Some analysts are not convinced, though. Vertical Research analyst Rob Stallard said the company’s poor track record in forecasting defense charges raised questions over “whatever outlook the company provides”.
“Boeing management continues to state that the company is in turn around mode, but we’d say that the arc of recovery remains extremely elongated,” said Stallard, adding the company was lurching from one problem to the next in “whack-a-mole” fashion.
In a boost for the company, Alaska Airlines said on Wednesday it will buy 52 737 MAX aircraft for delivery between 2024 and 2027.
Boeing said demand for commercial planes remains strong, but tight supplies are hurting production. It further cut estimates for MAX deliveries this year. It now expects to deliver 375 planes this year, lower than an earlier target of “low 400s.”
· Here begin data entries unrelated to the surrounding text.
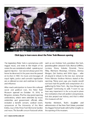 Indies, tour of the Peter Tosh Memorial Garden the Reggae Festival Guide with further insights to
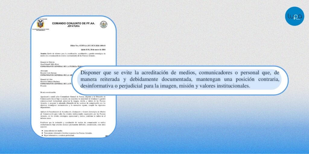 La matriz califica a los periodistas como “aptos”, “aptos condicionados” o “no aptos”, y recomienda evitar la acreditación de quienes sean considerados perjudiciales para la imagen institucional. Tras la publicación del documento por Ecuavisa, las Fuerzas Armadas señalaron que se trataba de un mecanismo organizativo y no de una limitación al trabajo periodístico.
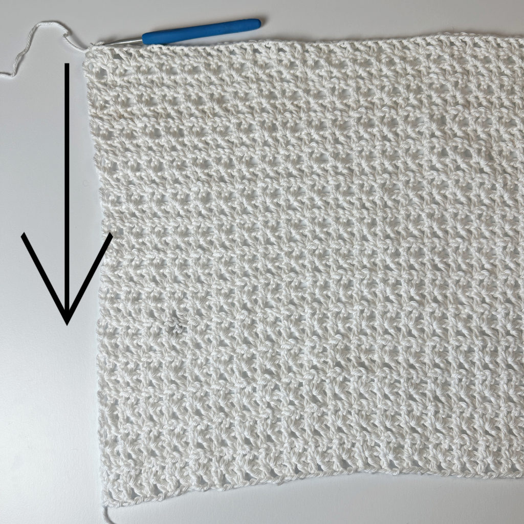 Row 1: ch 1, turn, work along the short side of the rectangle, placing 2 sc in the end of each row (56 sc)
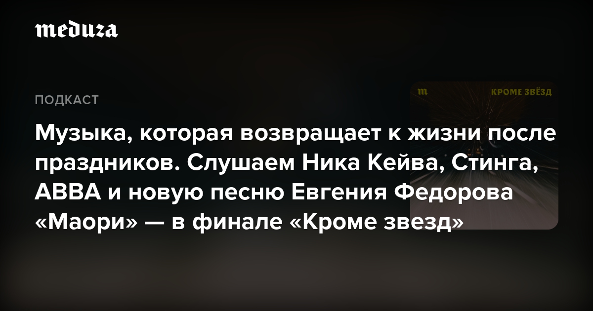 🎙 «Кроме звезд» есть на всех основных аудиоплатформах и, конечно, в приложении «Медузы» — этот способ читать и слушать нас самый надежный, поскольку приложение умеет обходить блокировки и работает без VPN.
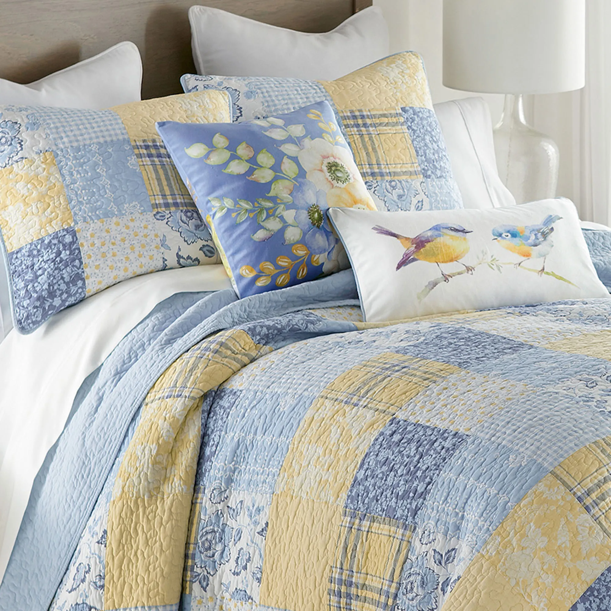Brighten any day with charming Spring Flowers. This pre-washed and preshrunk cotton ensemble, from Your Lifestyle(R) by Donna Sharp(R), features pieced patchwork blocks with mini floral and plaid prints. Colors include shades of blue, butter, banana, denim, pale country blue, and honey gold.
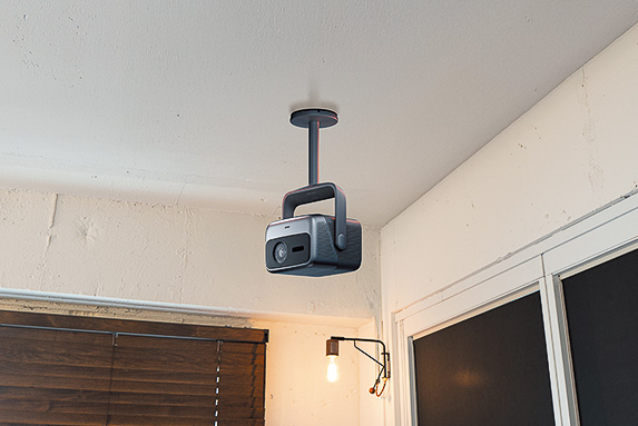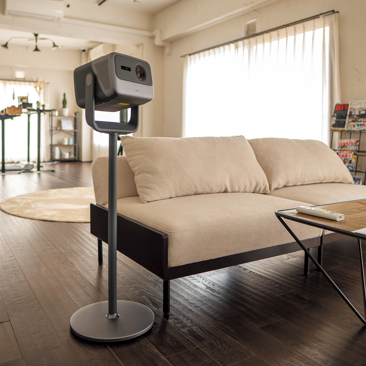 上下左右に自由に動くジンバル一体型スタンドで天井投影も簡単。壁スイッチを避けて映像を投影する補正機能、壁色に合わせて色味を調整するのも全自動です(本間さん)
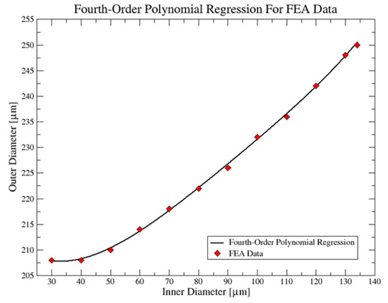 Graph of the fourth-degree polynomial relationship: The x-axis is the inner diameter (µm), and the y-axis is the outer diameter (μm).
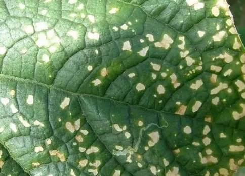 症状表现:黄瓜靶斑病又称“小黄点子病”,起初为黄色水浸状斑点,直径约1毫米左右。发病中期病斑扩大为圆形或不规则形,易穿孔,叶正面病斑粗糙不平,病斑整体褐色,中央灰白色、半透明。后期病斑直径可达10~15毫米,病斑中央有一明显的眼状靶心,湿度大时病斑上可生有稀疏灰黑色霉状物,呈环状。
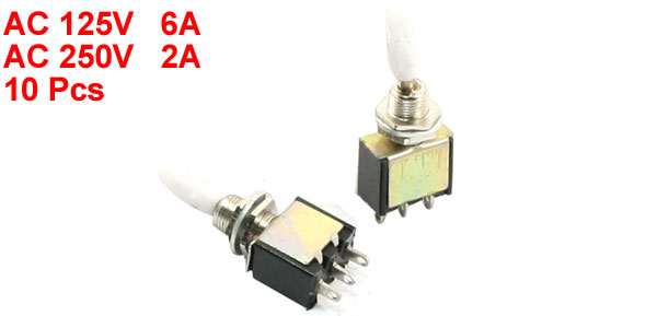Details10 Pcs 6A 125VAC 2A 250VAC SPDT 2-Positions Toggle Switches  Product Name Toggle Switch Model KNX-1X2 Power 6A 125V AC 2A 250VAC Position 2 Position Pins 3 Type SPDT Size 13 x 10 x 36mm / 0.51" x 0.4" x 1.4" (L*W*H) Main Color Black & Silver Tone Total Weight 43g Package Content 10 x Toggle Switch
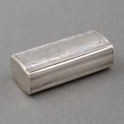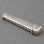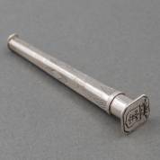 Gegraveerde zilveren naaldenkoker met schroefmechaniek, ook als cachet te gebruiken, met gegraveerd familiewapen en initialen 'GLV', onduidelijk gekeurd, Holland, 18e eeuw, gewicht 21 gram, 10 x 2 x 1,8 cm
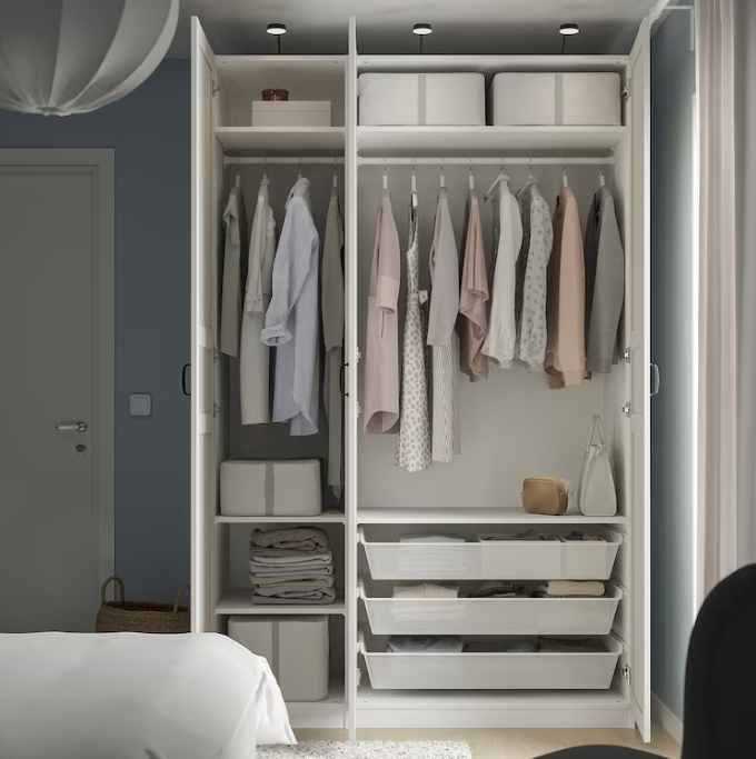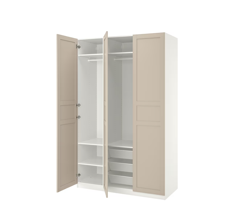 Wardrobe combination, white/light beige, 150x60x236 cm
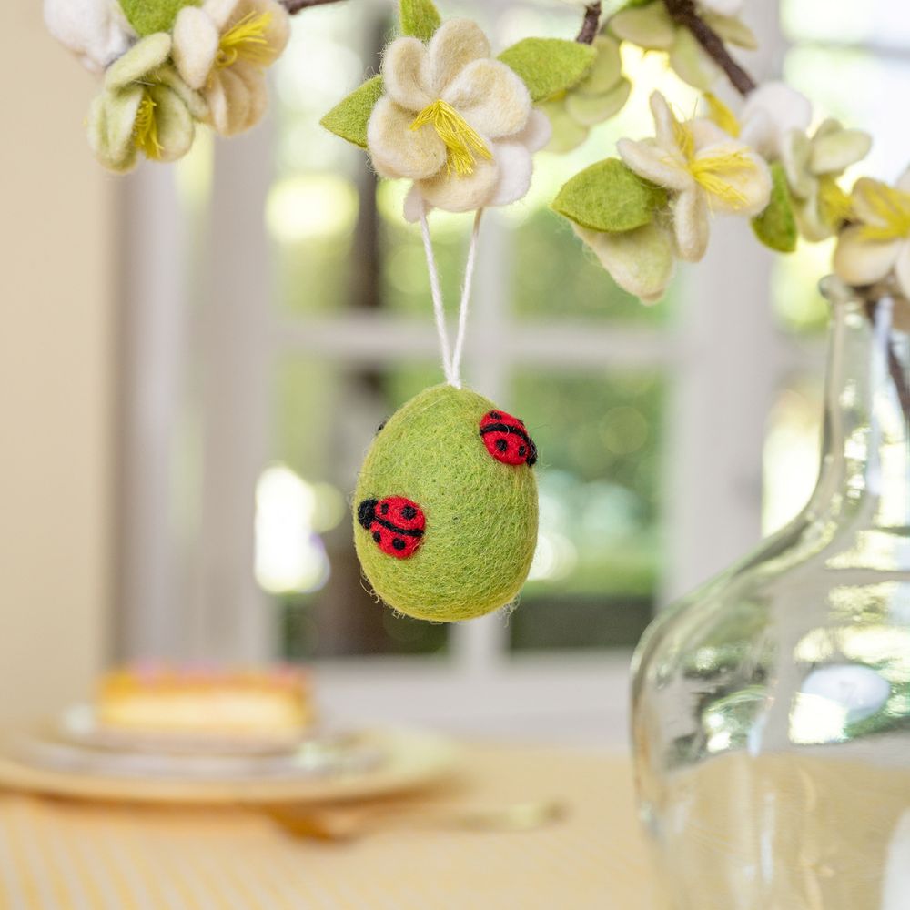 Breng een frisse, vrolijke lentesfeer in huis met deze lichtgroene eitjes, speels versierd met bijtjes, lieveheersbeestjes en fijne margrietjes. De hangers zijn met de hand gemaakt van duurzaam vilt en hebben een natuurlijke, warme uitstraling waardoor elk exemplaar even uniek is. Dankzij het handige ophangtouwtje hang je ze eenvoudig in een (paas)tak, aan een kastknop of als subtiele lenteversiering in huis.
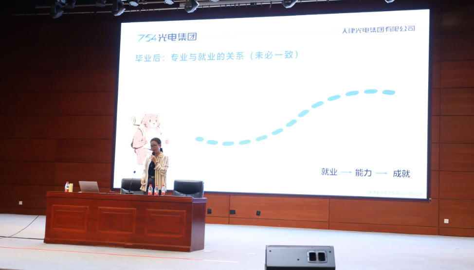 在报告会上,天津光电集团有限公司李媛媛书记首先结合天津光电集团的发展历程,通过企业的岗位及职业发展道路为学生展示了一节生动的职业生涯规划课,她以丰富的经验和独到的见解,为在座的大学生们提供了关于职业规划的宝贵建议。她强调了热爱和兴趣在职业选择中的重要性,指出只有真正热爱并投身于某个领域,才能在其中获得长足的发展和成就。同时,她也提醒大家要关注未来的发展趋势,积极拥抱变化,不断提升自己的适应能力和创新能力。
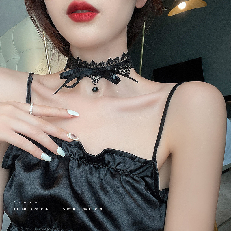 黑色蕾丝超仙公主气质项圈项链女轻奢小众冷淡风网红蝴蝶结锁骨链
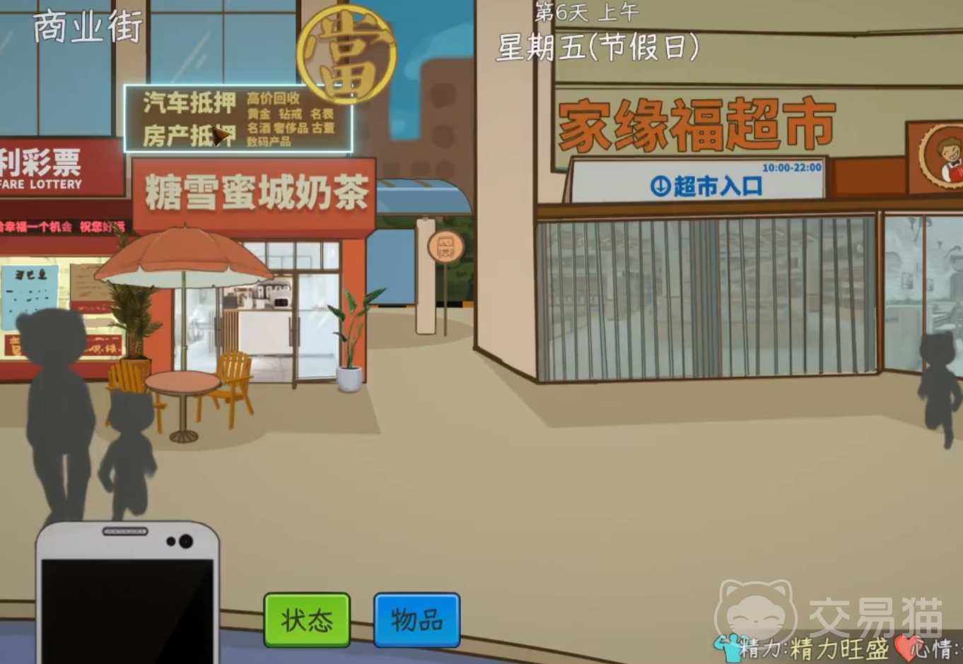 图上牌匾为“汽车抵押、房产抵押”的店铺即典当行,位于商业街奶茶店旁,大家可在此出售各类饰品、装备等道具,点击交互即可进入出售界面。可销售的物品可以打开保险柜(客厅大电视旁边),勾选可取出钻戒首饰、手表、红酒等。
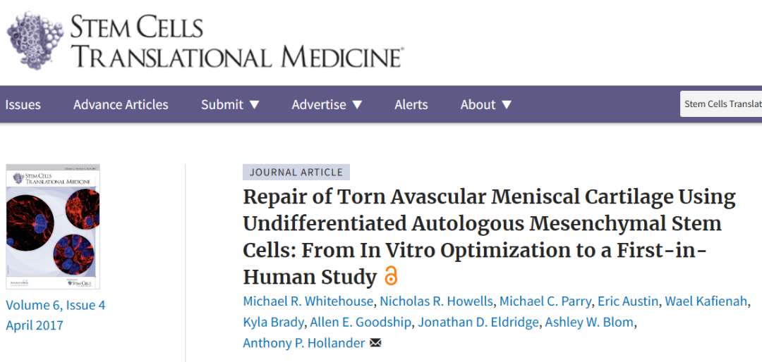 《Stem Cells Transl Med》2017雜志刊登,18人關節腔內通過注入2×10^6(低劑量)、10×10^6(中劑量)、50×10^6(高劑量)的干細胞,隨訪6個月,檢測半月板修復情況。證明干細胞療法修復后疼痛顯著減輕,半月板軟骨質量提高。
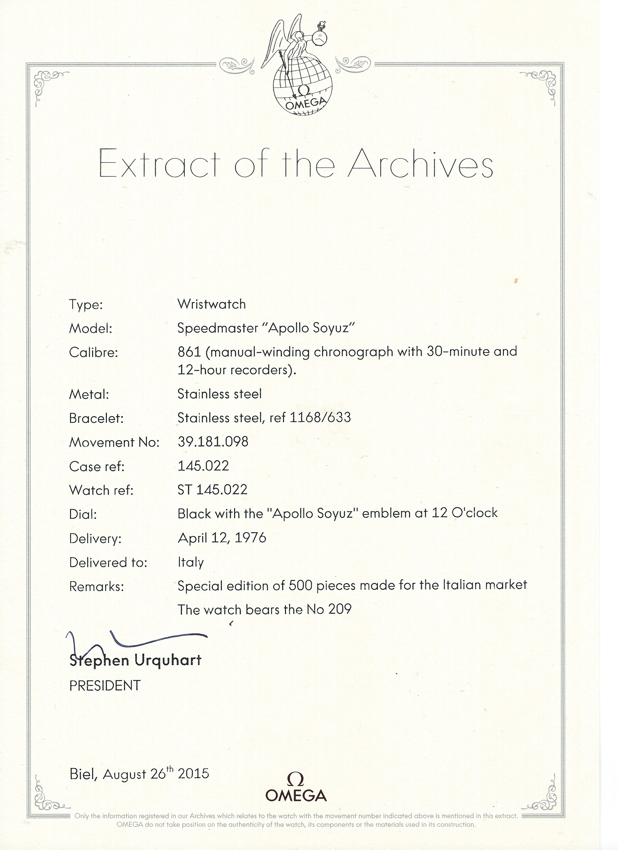 Now I do like an Apollo Soyuz. One of the most desirable speedmasters. Things to watch for is that it is an original Omega produced watch, that it has a case number on the back, 5.5mm pushers and the 1168 bracelet.
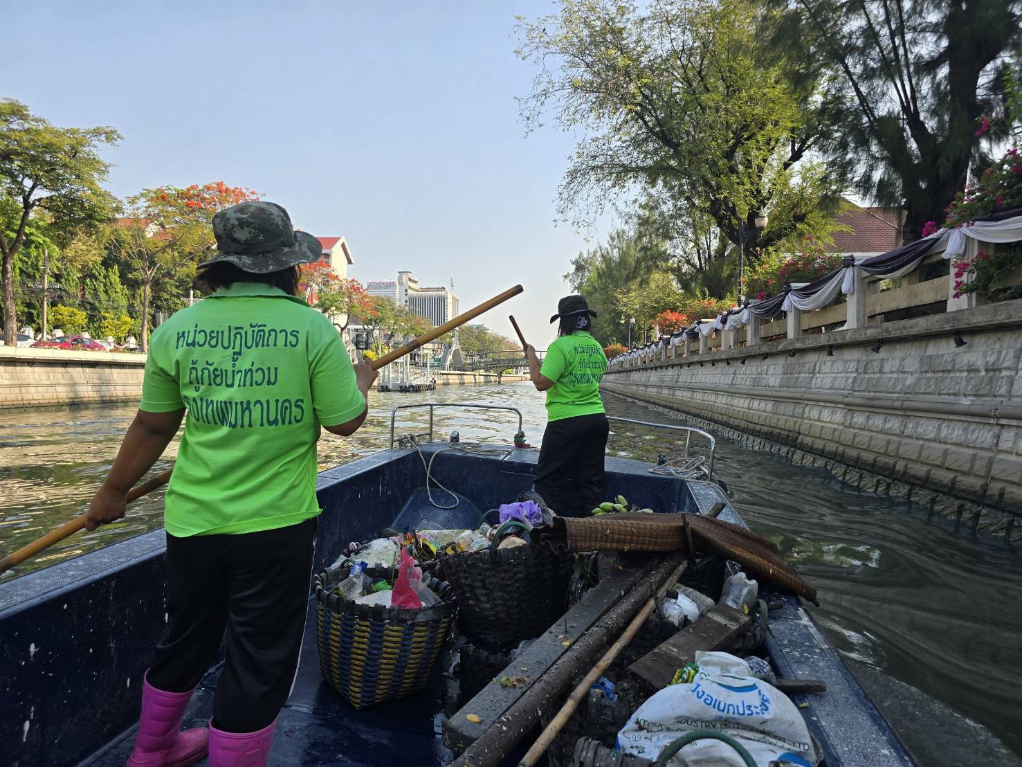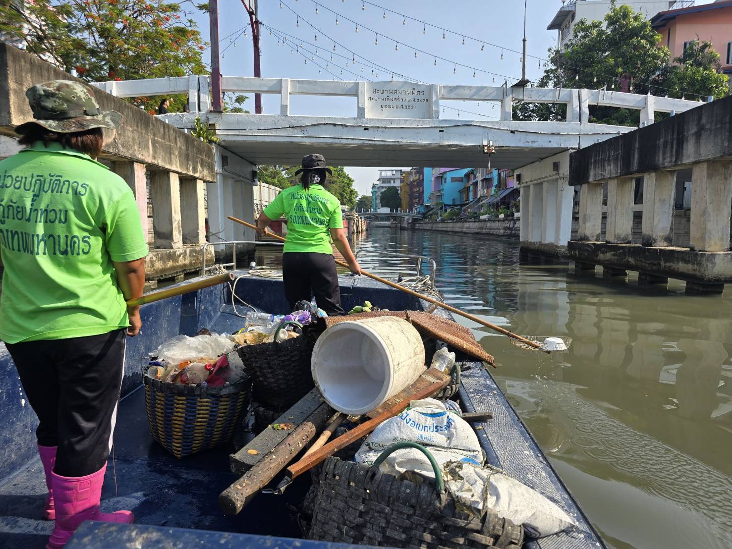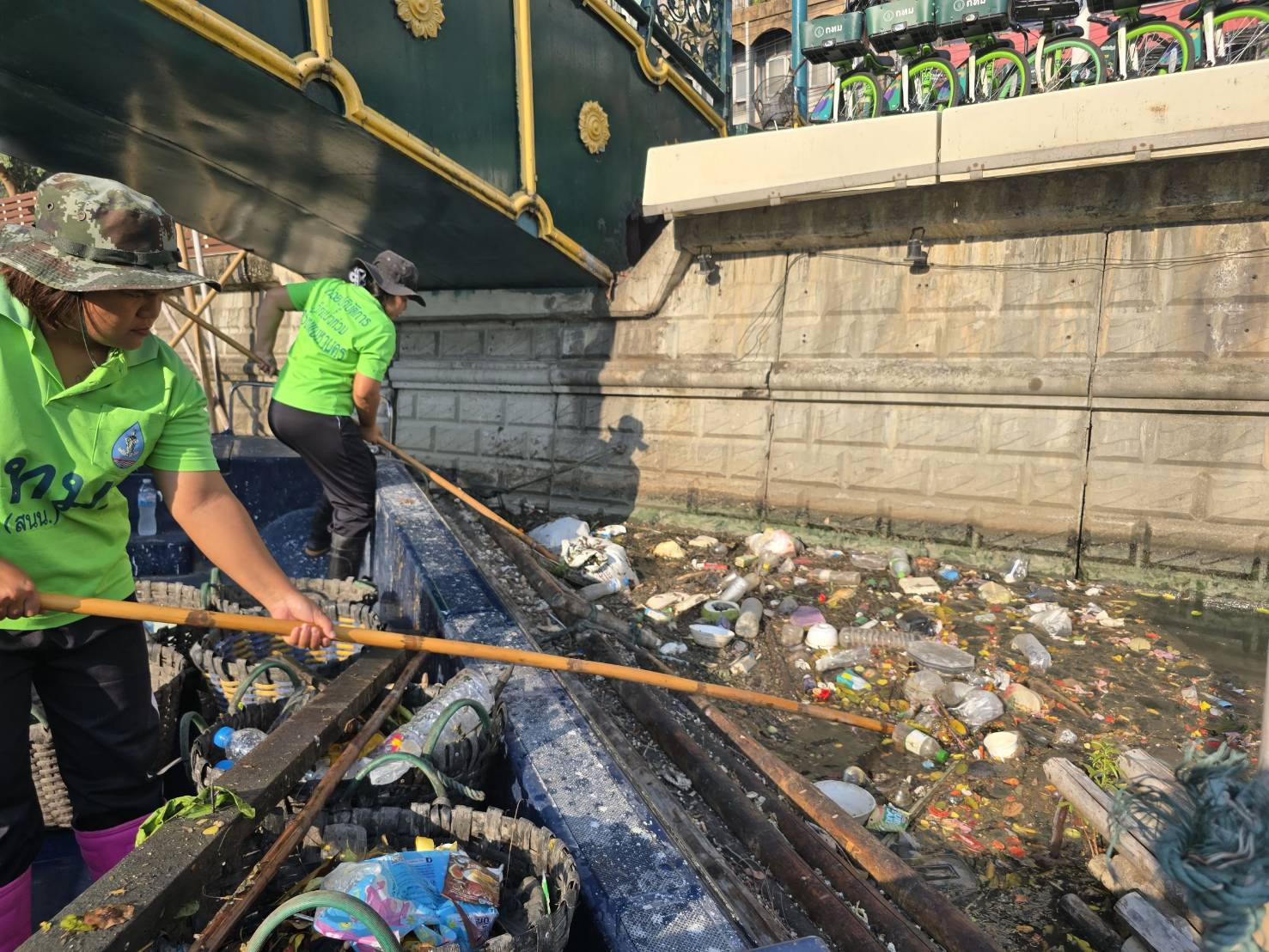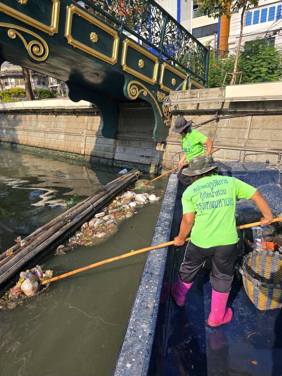 เจ้าหน้าที่ เก็บขยะคลองผดุงกรุงเกษม(หัวลำโพง) ช่วงสถานีสูบน้ำกรุงเกษมสะพานเจริญสวัสดิ์-สะพานนพวงศ์-สะพานกษัตริย์ศึก ถึงสี่แยกมหานาค เขตปทุมวันและเขตป้อมปราบศัตรูพ่าย

The company singled out delays in jet engine deliveries as the primary constraint in stabilizing and increasing production rates for 737 jets. It expects the aircraft’s monthly delivery trend to remain in the low 30s next year.
It called supply chain “a key watch item” for the production and deliveries of 787 jets as well.
Boeing also faces a late December deadline for the Federal Aviation Administration (FAA) to certify the MAX 7 and MAX 10 under existing rules.
After that date, all planes must have modern cockpit alerting systems to be certified by the FAA, which would mean significant delays for the new MAX aircrafts’ deployment unless Congress grants a waiver to extend the deadline.
Chief Executive Dave Calhoun said he is confident the planemaker will get an extension from the U.S. Congress of a key deadline to get the planes certified.
Boeing retained its forecast of generating cash this year after reporting a free cash flow of $2.9 billion in the September quarter, higher than $1.02 billion expected by analysts in a Refinitiv survey.
Adjusted loss per share in the third quarter widened to $6.18 from $0.60 a year ago. Analysts expected the company to report a profit of 7 cents a share.
Boeing has now fallen short of Wall Street earnings estimates for a fifth quarter in a row.